As mentioned in the previous section, both of the transfer parties need to
authenticate each other before a confidentiality transfer can be initiated.
For this purpose, a special protocol called ”Internet Key Exchange” is used
for communication parties to negotiate, create and process the security as-
sociations used for their transfer. With Security Association, a number of
security policies is defined, for the connections.

There are two phases needed to build up a secure communication link.

In the first phase, the goal is to establish a secure transfer channel so that
in the second phase, the IPsec security associations can be exchanged safely.
In the second phase, the real IPsec security associations are negotiated and
built up. In each of these two phases, various mode is used such as main
mode or passive mode. Also various protection algorithm is used for each
mode, such as AES, DES, Deffie-Hellman for various goals.

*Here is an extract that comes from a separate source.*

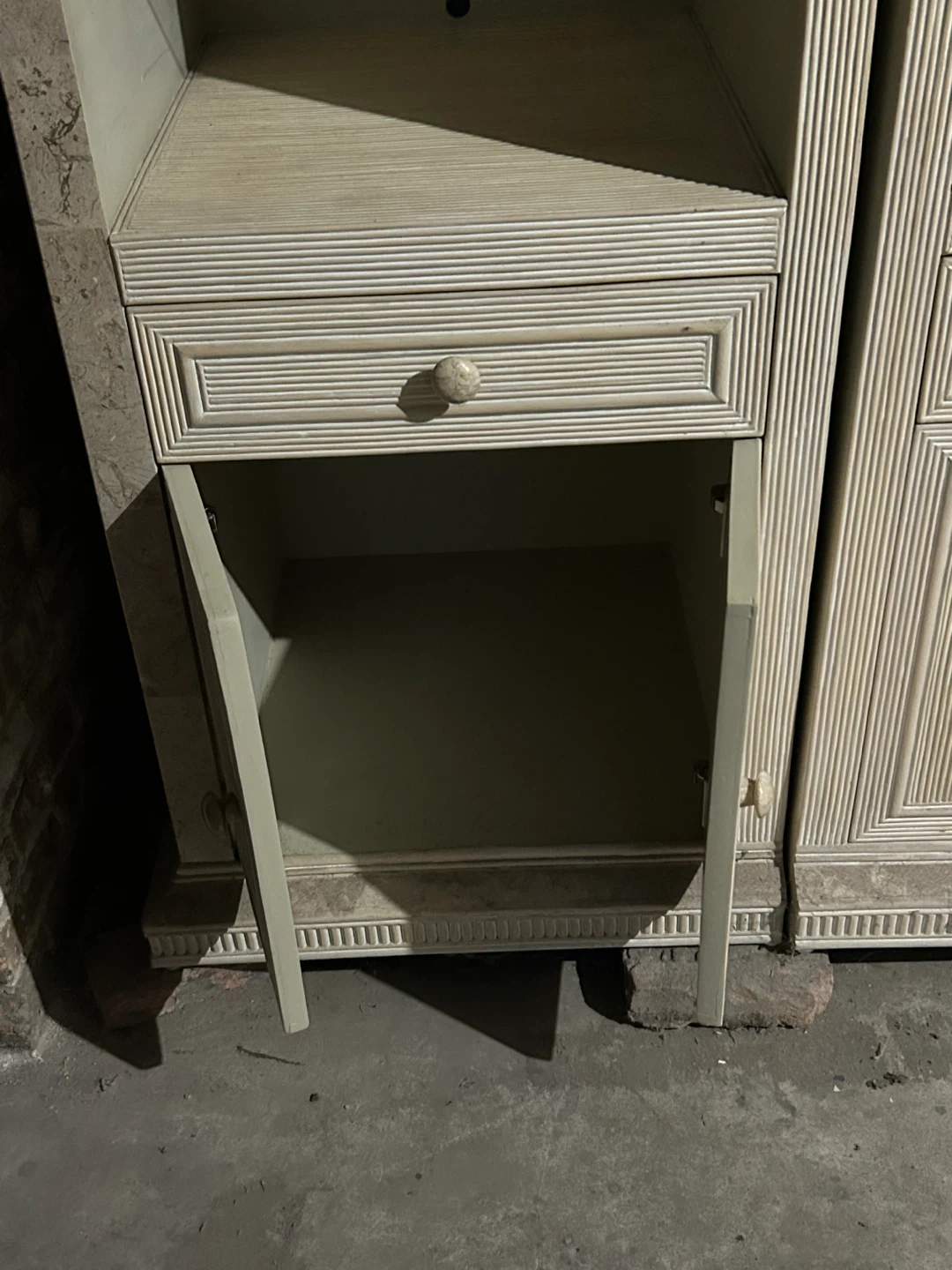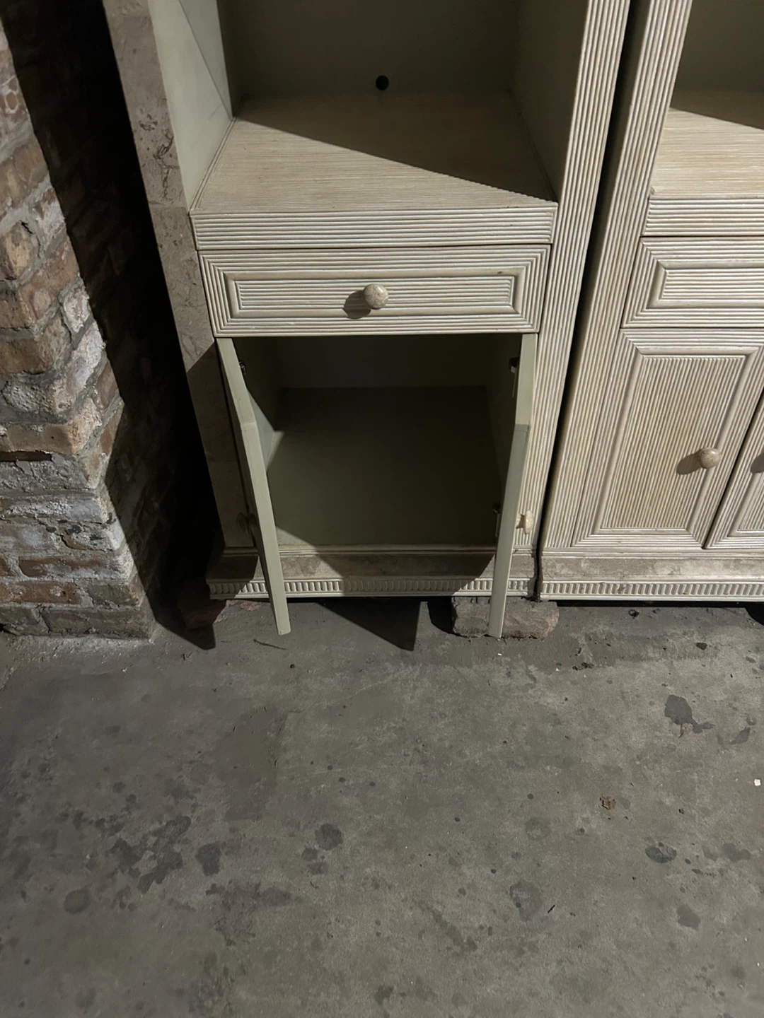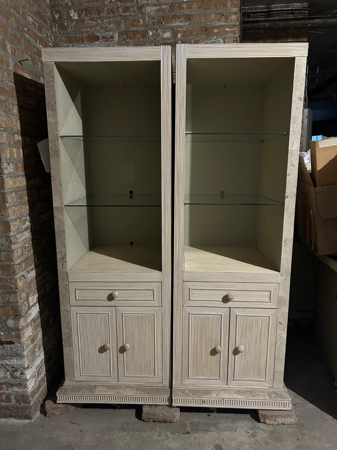 This 2 piece cabinets with glass shelves will make a great addition to any room. They each feature a single drawer and a cabinet below with double doors. They are originally from a high end furniture manufacturer. They feature faux marble accents.

3 Building an IPsec connection

Before encrypted data can travel from one side to the other, a number of
key exchanges has to be done. These exchanges, necessary to negotiate a
session key, are called phases. The first, main phase is mainly responsible
for the encryption negotiation. The second, quick phase initializes the SA’s,
Security Association, with the pre-shared keys or certificates. The SA’s are
the IPsec end-points and encrypt data with a session key. When a IPsec
connection expires, only the quick phase is needed to negotiate a new session
key and rebuild the connection. This expiring is critical, because excessive
use of the same session key will weaken the encryption.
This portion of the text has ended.